Russia Eyes Giving Up Rosneft Control by 2016

Russia Eyes Giving Up Rosneft Control by 2016

MOSCOW - Russia should give up direct control in state-owned oil champion Rosneft by 2016, Prime Minister Dmitry Medvedev said Thursday, however Igor Shuvalov, a first deputy prime minister, said there was no need to rush the move.

"The list [of companies to be privatized] includes some of the largest energy and oil companies, very solid manufacturing companies, including Rosneft, which must be removed from direct state control by 2016," Mr. Medvedev told a government meeting on privatization.

Rosneft is one of the most important state-owned companies that Russia--the world's second largest energy producer--has on its privatization list, which is seen as a key step in improving corporate transparency and increasing shareholder value in the country's corporate sector. The sale of all or some of the Russian government's 75.2% stake in Rosneft would be seen as a key bellwether of its seriousness.

Russia has been plagued for months by high levels of capital flight, first due to political uncertainties and, more recently, by a sharp fall in global risk appetite due to the worsening euro crisis.

Deputy Prime Minister Igor Shuvalov recently acknowledged that both domestic and foreign investors "don't have enough trust in us at the moment."

But the government has given mixed messages in recent months regarding asset sales in Rosneft and other key companies in the oil and gas sector.

Last month, Mr. Putin ordered the government to prepare plans to privatize stakes in Rosneft and gas giant OAO Gazprom held by a government holding company, OAO Rosneftegaz, between 2013 and 2015 depending on market conditions. Earlier in the week, he signed an order that made Rosneft a strategic company, thus mandating that the state keep at least one share.

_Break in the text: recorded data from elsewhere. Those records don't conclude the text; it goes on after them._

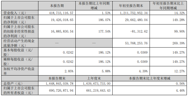 其中第三季度,公司营业收入为4.19亿元,同比上升1.5%;归母净利润自去年同期亏损2257万元成功扭亏,实现归母净利润1943万元;扣非归母净利润自去年同期亏损2178万元成功扭亏,实现扣非归母净利润1689万元;EPS为0.0242元。
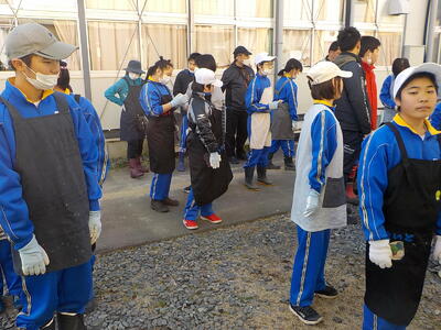 2月9日(金)5校時、中学部の総合的な学習の時間で地域の交流先に冬の花を届けました。
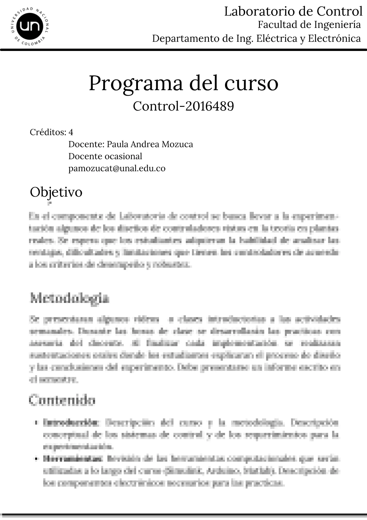 Busca un profesor, materia o programa en Universidad Nacional de Colombia...
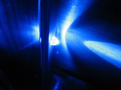 Anschließend wieder lackieren und 3x 5mm blaue 7000mcd Leds in Reihe mit 220 Ohm Widerstand.
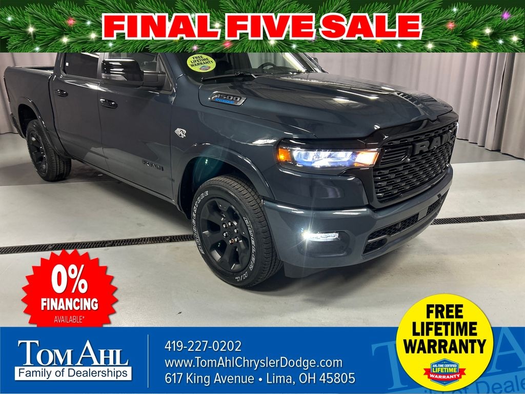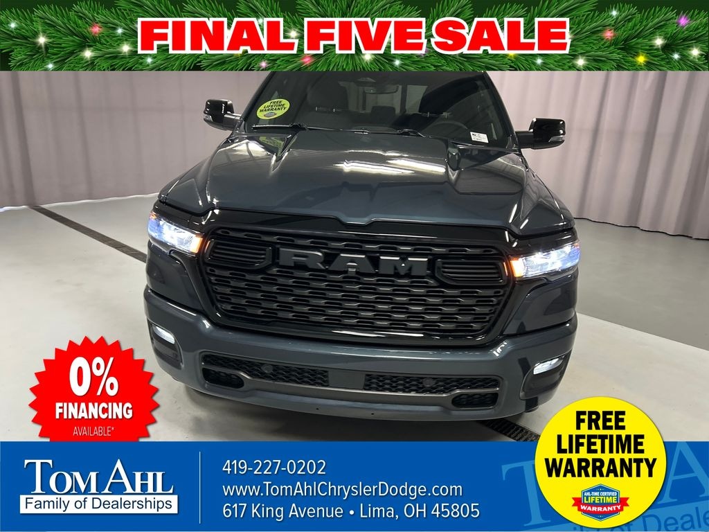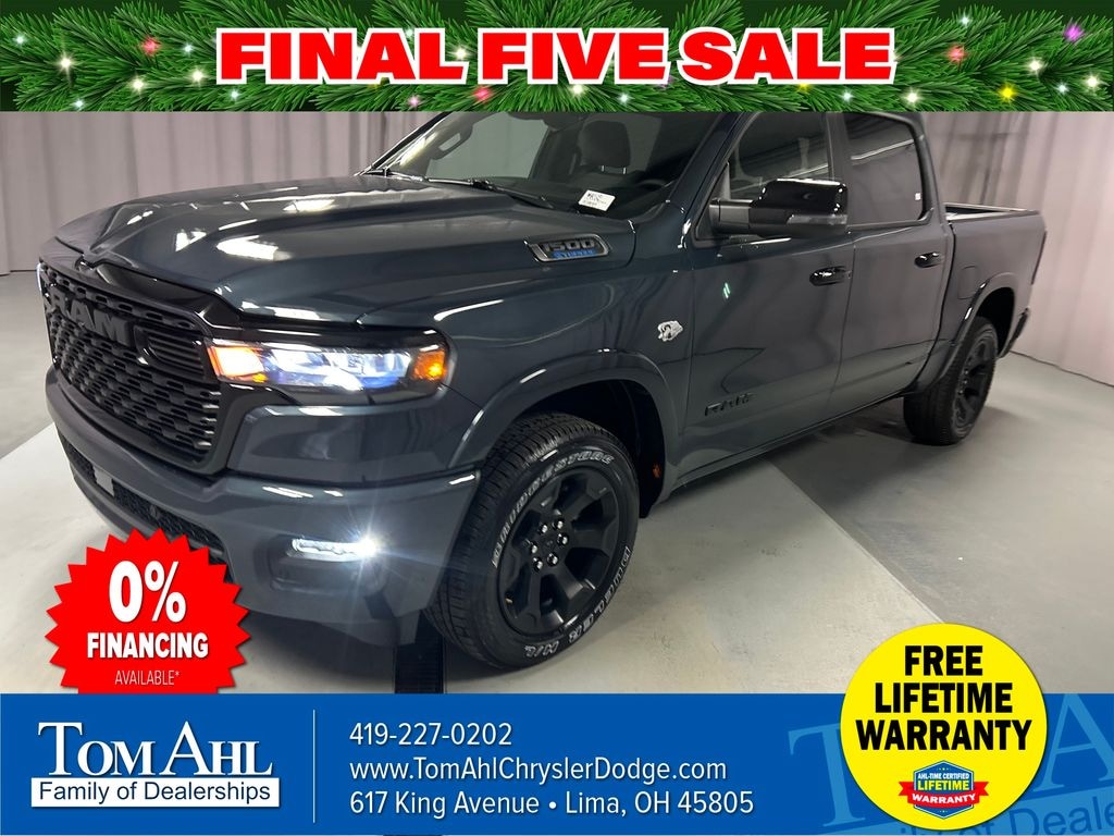INCLUDES LIFETIME POWERTRAIN WARRANTY, 115V Auxiliary Power Outlet, 3 Rear Seat Head Restraints, 4 Way Front Headrests, 400W Inverter, Accent Color Door Handles, Accent Color Premium Power Mirrors, Accent Color Tailgate Handle, Anti-Spin Differential Rear Axle, Auto Power-Folding Mirrors, Auto-Dimming Exterior Driver Mirror, Auto-Dimming Rear-View Mirror, Big Horn Level 1 Equipment Group, Black Exterior Mirrors, Black Exterior Truck Badging, Black Headlamp Bezels, Black Interior Accents, Black Painted Exterior Mirrors Caps, Black Premium Power Mirrors, Black Tail Lamp Bezels, Body Color Fender Flares, Body Color Front Bumper, Bucket Seats, Center Console Parts Module, Convex Wide-Angle Exterior Mirror Insert, Deluxe Cloth Bucket Seats, Exterior Mirrors Courtesy Lamps, Front Seat Back Map Pockets, Full Length Floor Console, Glove Box Lamp, Grille Black Surround Black Mesh, Heated Front Seats, Heated Steering Wheel, Leather Wrapped Steering Wheel, Manual Adjust 4-Way Front Passenger Seat, Night Edition, Power 2-Way Driver Lumbar Adjust, Power Adjust 8-Way Driver Seat, Power Adjustable Pedals, Quick Order Package 27Z Big Horn, RAM Grille Badge - Black, Rear 60/40 Folding Seat, Rear Center Armrest, Rear Power Sliding Window, Rear Window Defroster, SiriusXM Radio Service, SiriusXM Satellite Radio, Steering Wheel Mounted Audio Controls, Universal Garage Door Opener, Wheels: 20" x 9.0" Aluminum Painted Clad. Price includes: $3500 - 2026 National Retail Consumer Cash . Exp. 01/05/2026
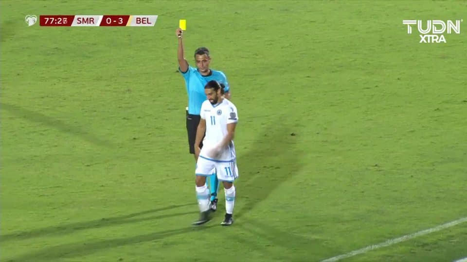 Tarjeta amarilla. El árbitro amonesta a Manuel Battistini de San Marino
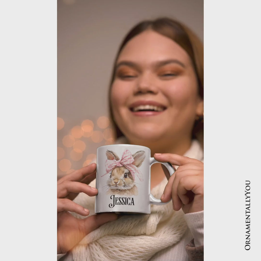 Easter Bunny Coquette Pink Bow Personalized Mug, Cute Watercolor Spring Gift with Custom Name
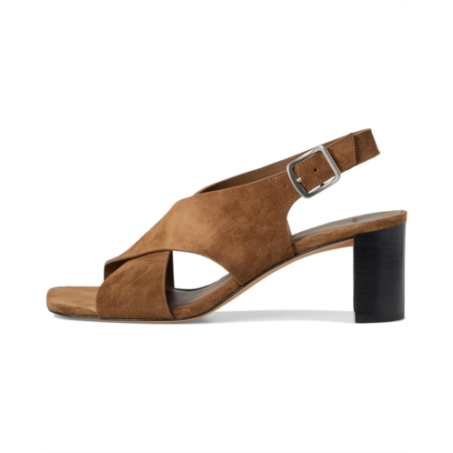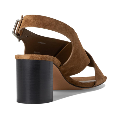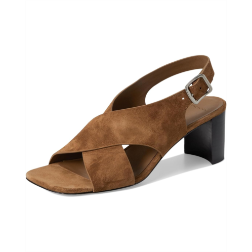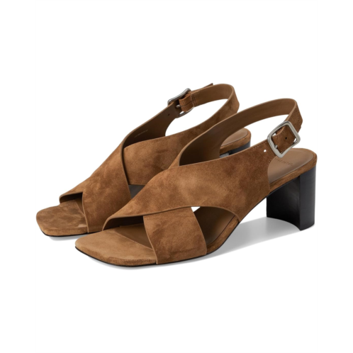 - The Vince Omega boasts overlapping smooth leather upper straps that gently hug the foot. Featuring sculptural stacked heel, the square toe sandal has cushioned foam insole and buckle adjustable slingback strap closure.
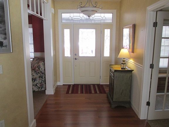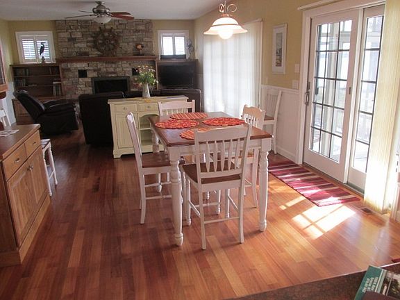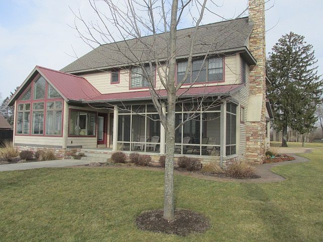 Wawasee lakefront 87' frontage, 3372 sq.ft.' living space, 5 bedrooms, 3 baths, and full unfinished basement. Cherry hardwood floors throughout, custom cabinetry, granite counter tops, wood-burning fireplace in living room, 4 car heated garage with storage, screened-in porch and an enclosed sun room overlooking Lake Wawasee! BONUS FEATURE: Lakefront storage and patio on top! Includes 100' x 323' back lot!
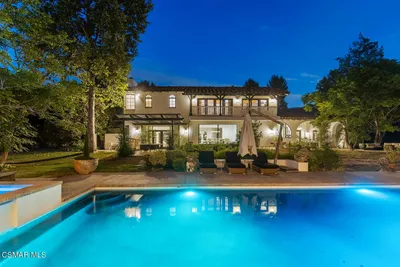 Welcome to a one-of-a-kind modern farmhouse estate located on the border of Calabasas and Agoura Hills, in a private gated community of just seven luxury homes. Offering nearly 2.5 acres of serene, resort-like grounds, this exceptional property combines total privacy and natural beauty with unmatched convenience just two minutes from the 101 and walking distance to Erewhon, Starbucks, and more. Finished in 2024, the estate backs directly onto the Santa Monica Mountains Nature Reserve, with private access to hiking and biking trails, ensuring that no future development will ever disrupt your peace. The main residence, guest house with its own address, pool house, and writer's cottage are all thoughtfully arranged across the property, providing an ideal setting for multigenerational living, creative work, and luxurious entertaining. Inside the main home, you'll find four spacious ensuite bedrooms and two additional half baths. The primary suite is a true retreat, complete with a fireplace, custom walk-in closet with in-house dry-cleaning, and a private spa-style patio featuring a cold plunge, hot tub, infrared sauna, and massage table. At the heart of the home is an expansive great room that opens seamlessly to the backyard, centered around a stunning 18-foot linear fireplace. The chef's kitchen is outfitted with top-of-the-line Thermador and Gaggenau appliances, a grand center island, floor-to-ceiling windows, and cozy gathering spaces including a fireplace, coffee bar, and smoothie bar. A separate bonus area and a second-story, soundproof home theater and music studio round out the interior spaces. The four-car garage includes a full gym and professional-grade golf simulator. Step outside to discover a saline pool with hot tub and waterfall, a peaceful creek with a stone bridge and shaded sitting area, and a fire pit with built-in seating for fifteen. The grounds also include a putting green with four tee boxes and a bunker, an in-ground trampoline, meditation fountain, swings throughout the property, bocce ball court, ping pong deck, outdoor kitchen with Firemagic BBQ and Italian Alfa pizza oven, herb gardens, hillside orchard, and a dog grooming station. The guest house features two separate living quarters, one ADA-compliant each with private patios, full kitchens or kitchenettes, custom bathrooms, and panoramic views of the pool and orchard. A covered outdoor lounge area includes dual TVs, ceiling heaters and fans, and a fireplace, creating the ultimate entertaining space. The writer's cottage offers a loft, air conditioning, and ample storage, ideal as a studio or private office. This home is more than a residence it's a retreat, an entertainer's dream, and a sanctuary all in one. With direct access to nature, modern elegance at every turn, and easy proximity to Calabasas, Malibu, and top-tier schools and amenities, this rare estate embodies California luxury living at its finest. Furnishings available. Shown by appointment only.
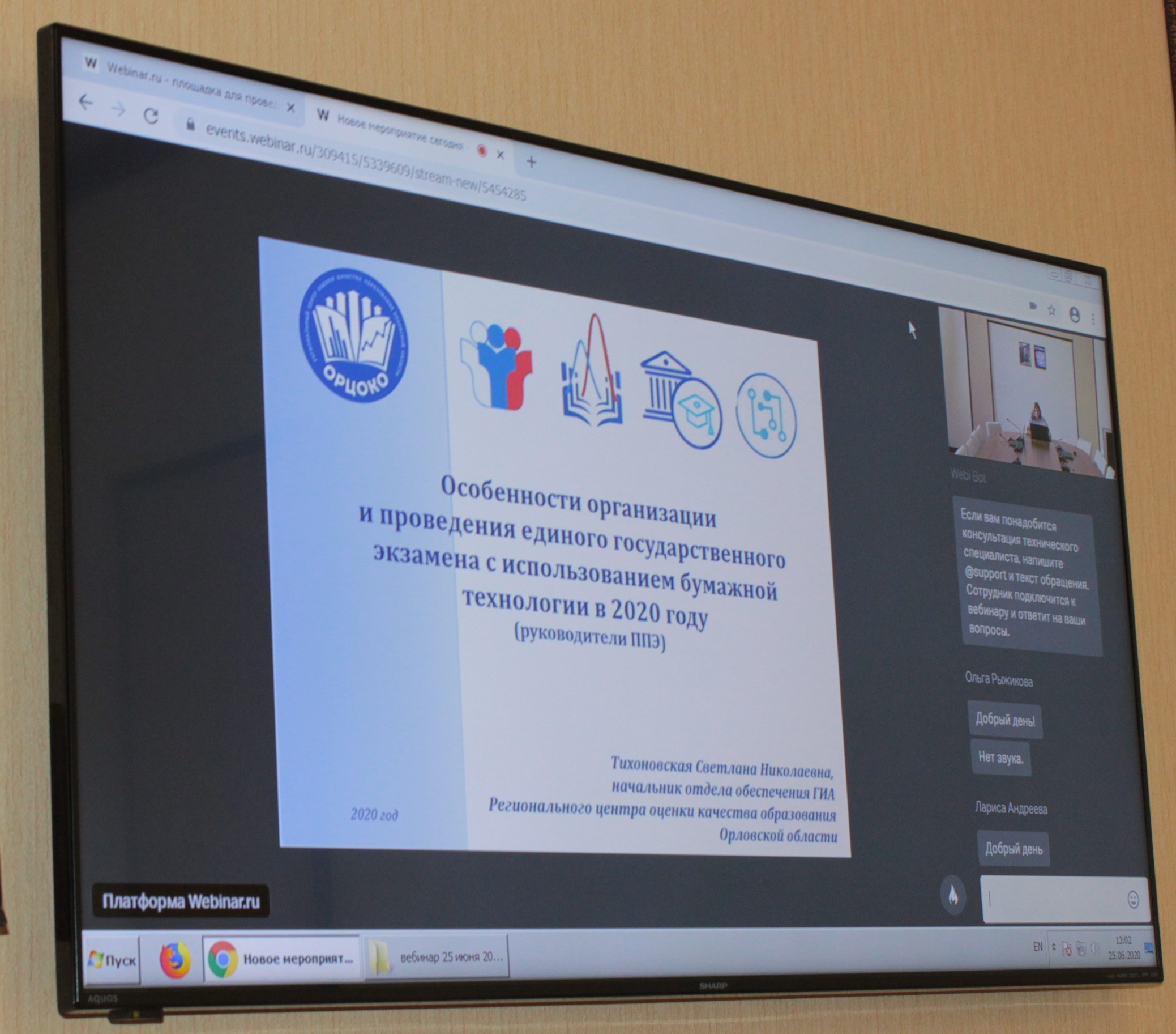 Особенности организации и проведения единого государственного экзамена с использованием бумажной технологии в 2020 году были рассмотрены на вебинаре для руководителей пунктов проведения экзамена и членов государственной экзаменационной комиссии, который прошел 25 июня 2020 года на базе Регионального центра оценки качества образования.
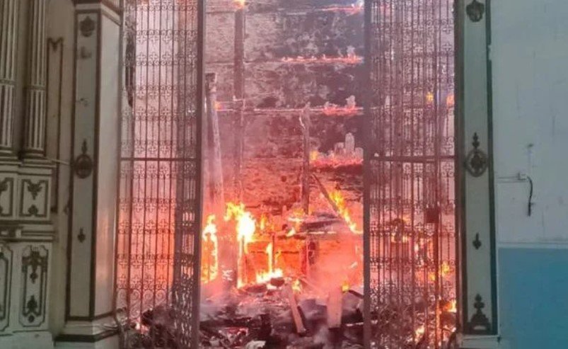 Incêndio atinge igreja em Valença. Crédito: Reprodução
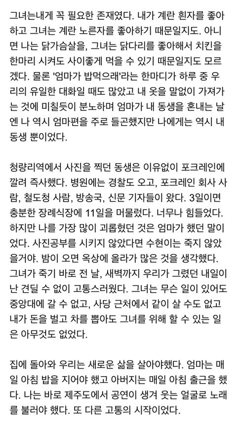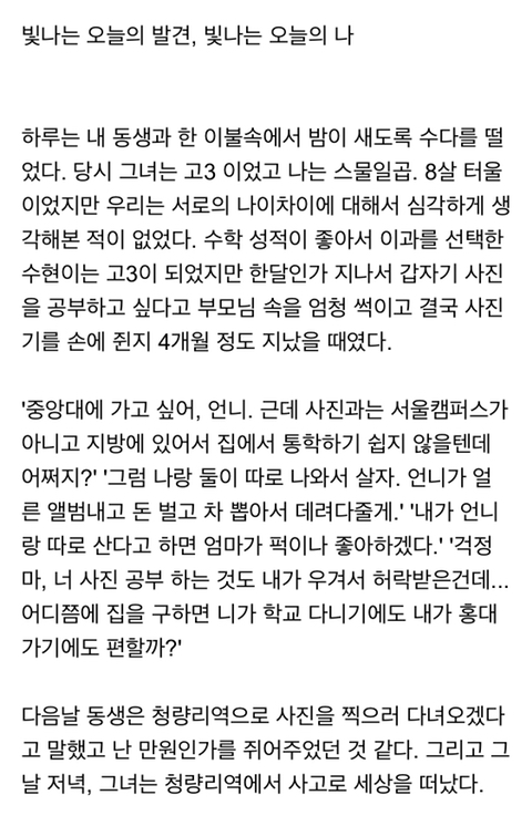 ùȸ»ç Á÷À嵿·á ´ëÇе¿±â°¡ ¼ú¸Ô´Ù °Á µÚ·Î³Ñ¿©Àú¼ ±Þ»ç ÇÏ°í ½Ã°£ Á¶±Ý Áö³ª¼ ´ëÇ¥±îÁö ÀÚ»ìÇϰí . Ä£ÇÑÇüµµ ÀÚ±â Â÷¿¡¼ ¿¬ÅºÇǰí Á×¾î¹ö¸®°í ±×¶§ ³ª´Â Ç㹫ÁÖÀÇ¿¡ ºüÁ®ÀÖ¾ú´Ù ¹ú¸é ¹¹ÇØ? ¾ðÁ¦Á×À»Áö ¸ð¸£´Â ÀλýÀε¥ ±×³É ³î°í ¾²ÀÚ ±Ùµ¥ ³ªÀ̰¡ µé¼ö·Ï Á¤¸» ¸¹Àº »ç¶÷ÀÌ Á×¾ú´Ù ÇöÀå¿¡¼ ÀÏÇϴµ¥ Àú±â ¿·¿¡ ÀÖ´ø ¾ÆÀú¾¾°¡ °©ÀÚ±â Á×°í ¿·µ¿³× ¹ÝÀåÀÌ ¸ñÀ» ¸Å°í Àß ´Ù´Ï´ø Á÷¿øµµ ¿ì¿ïÁõ¿¡ °í»ýÇÏ´Ù Á×´Â°É º¸°í ±×µéÀÇ Á×À½Àº Á×À½ÀÌ°í ³ª´Â »ì¾Æ°¡¾ßÇϴ±¸³ª ÇÏ°í ´À²»´Ù ½½ÇÁ°í ±«·Î¿öµµ ³ ¹äÀ»¸Ô°í ÀáÀ» ÀÚ°í »ì¾Æ°¡¾ßµÇ´Â »ç¶÷ÀÌ´Ï±î »ç¶÷¸¶´Ù ´Ù¸£°ÚÁö¸¸ ³Ê¹« Ç㹫ÁÖÀÇ¿¡ ºüÁú Çʿ䰡 Àִ°¡.. ¾î¶µç ³ª´Â »ì¾Æ¾ß µÇ´Â°ÍÀ»
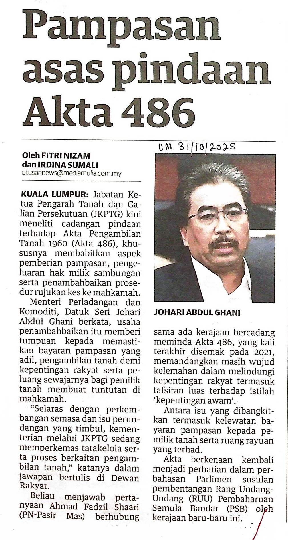 | UM 31.10.25.jpg | PAMPASAN ASAS PINDAAN AKTA 486 | 570.11 kB | JPEG | View/Open |
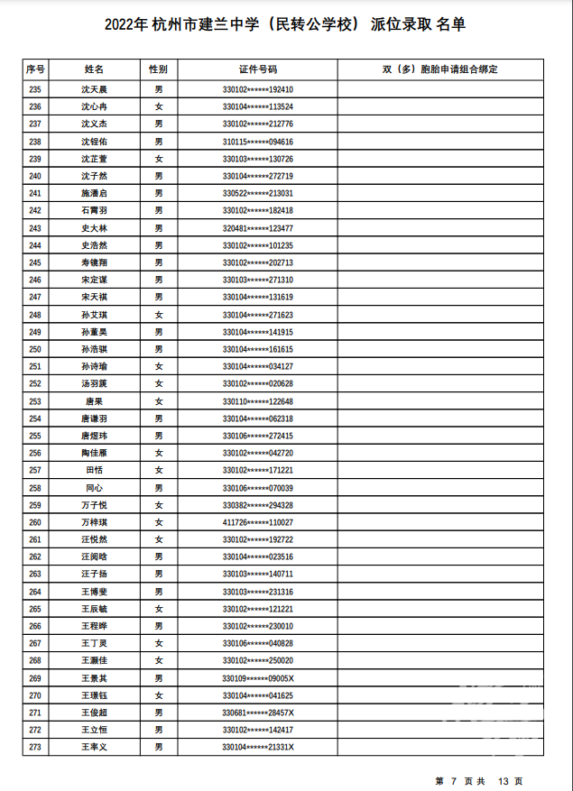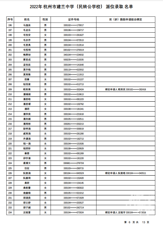 持续更新|拱墅区、上城区、西湖区、滨江区、钱塘区名单发布!杭州民办初中(含民转公学校)电脑派位结束
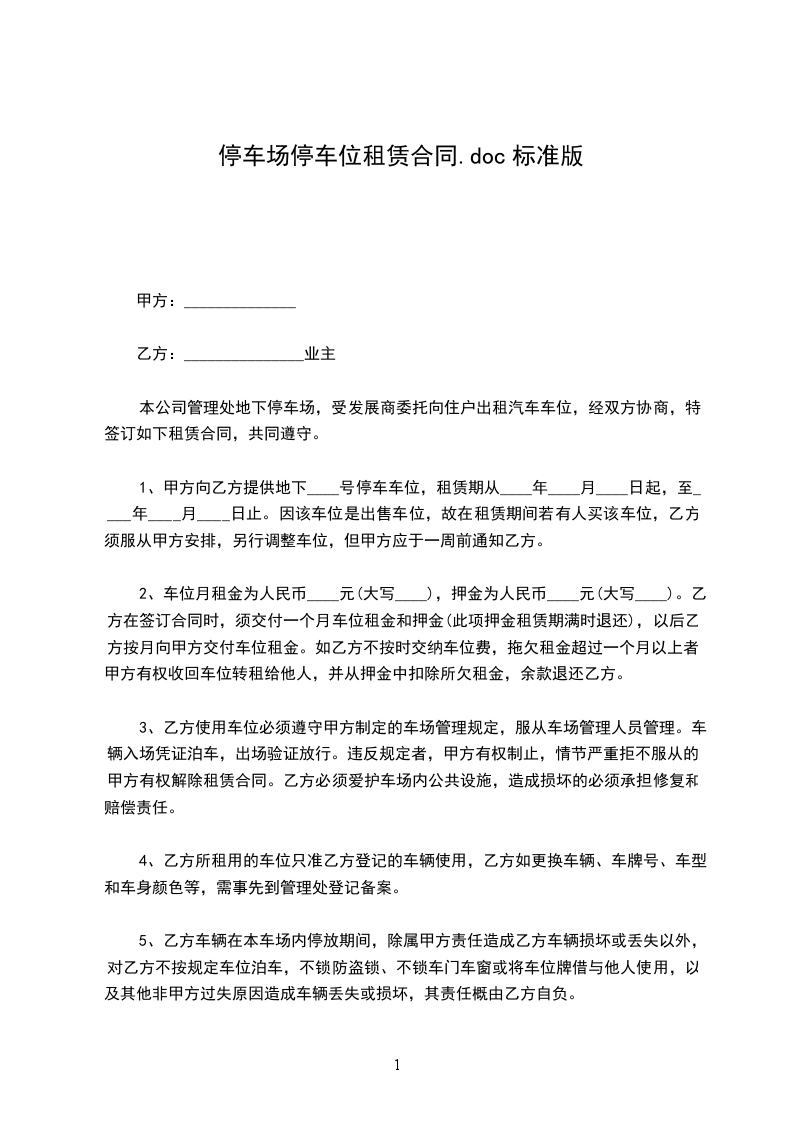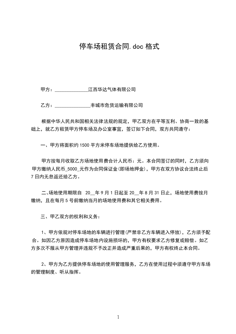 一、甲方将面积约1500平方米停车场地提供给乙方使用。
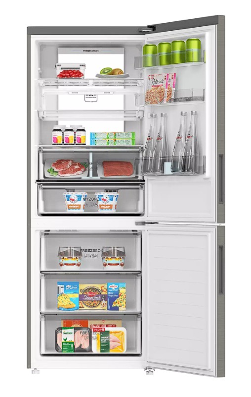 Классический двухкамерный холодильник с технологией Total No Frost — нет наледи в отделениях, никакого ручного размораживания. Отличный обзор — видно все продукты, благодаря светодиодной колонне Tower LED. Специально разработанная двойная складная винная полка обеспечивает максимальное удобство и вариативность хранения. В контейнере 0° Zone качественно сохраняются морепродукты, мясные деликатесы, сыры и молочные продукты, а мембранная технология контроля влажности HCS улучшает условия хранения овощей и фруктов.
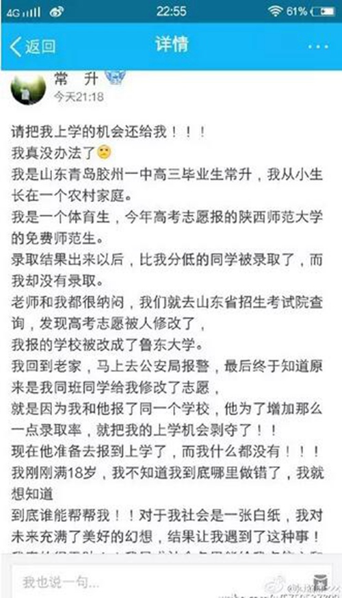 與此同時,另外一位老師告訴半島記者,這位叫做常升的同學告訴他,說那位同班同學曾在私下里承認,就是他修改了常升的志愿。

But last month's decree also authorized Rosneftegaz to buy up shares of other state-owned energy companies that had been earmarked for privatization. Mr. Putin said the company would be allowed to buy the shares through the end of 2014 and would hold the stakes temporarily to allow them to be sold later at higher prices.

Thursday, Mr. Shuvalov said: "We won't rush. If we have good deals, very good terms for Rosneft and we are in a condition to have the deal come through as a good one, then we will have it come through. If not...there is no sense."

Russia plans to triple its volume of privatization in 2012 to 300 billion rubles ($9.17 billion), from RUB100 billion last year, Economy Minister Andrei Belousov said at the meeting.

The state is still looking for an opportunity to sell a planned 7.6% stake in banking giant Sberbank, Mr. Belousov said.